-- Opening Marker --

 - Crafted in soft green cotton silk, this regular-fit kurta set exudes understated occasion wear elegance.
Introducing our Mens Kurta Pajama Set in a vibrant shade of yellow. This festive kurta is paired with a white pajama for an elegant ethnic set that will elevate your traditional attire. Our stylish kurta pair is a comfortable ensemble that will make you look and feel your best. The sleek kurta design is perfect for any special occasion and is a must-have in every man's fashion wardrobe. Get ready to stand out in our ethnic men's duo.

-- Closing Marker --
-- Opening Marker --

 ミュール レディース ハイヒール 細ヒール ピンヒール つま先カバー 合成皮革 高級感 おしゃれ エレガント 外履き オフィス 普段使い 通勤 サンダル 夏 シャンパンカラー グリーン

-- Closing Marker --

Write out only the lines that run from the line containing "- Crafted in" through the line containing "Introducing our Mens", both included, exactly as they appear above.

 - Crafted in soft green cotton silk, this regular-fit kurta set exudes understated occasion wear elegance.
Introducing our Mens Kurta Pajama Set in a vibrant shade of yellow. This festive kurta is paired with a white pajama for an elegant ethnic set that will elevate your traditional attire. Our stylish kurta pair is a comfortable ensemble that will make you look and feel your best. The sleek kurta design is perfect for any special occasion and is a must-have in every man's fashion wardrobe. Get ready to stand out in our ethnic men's duo.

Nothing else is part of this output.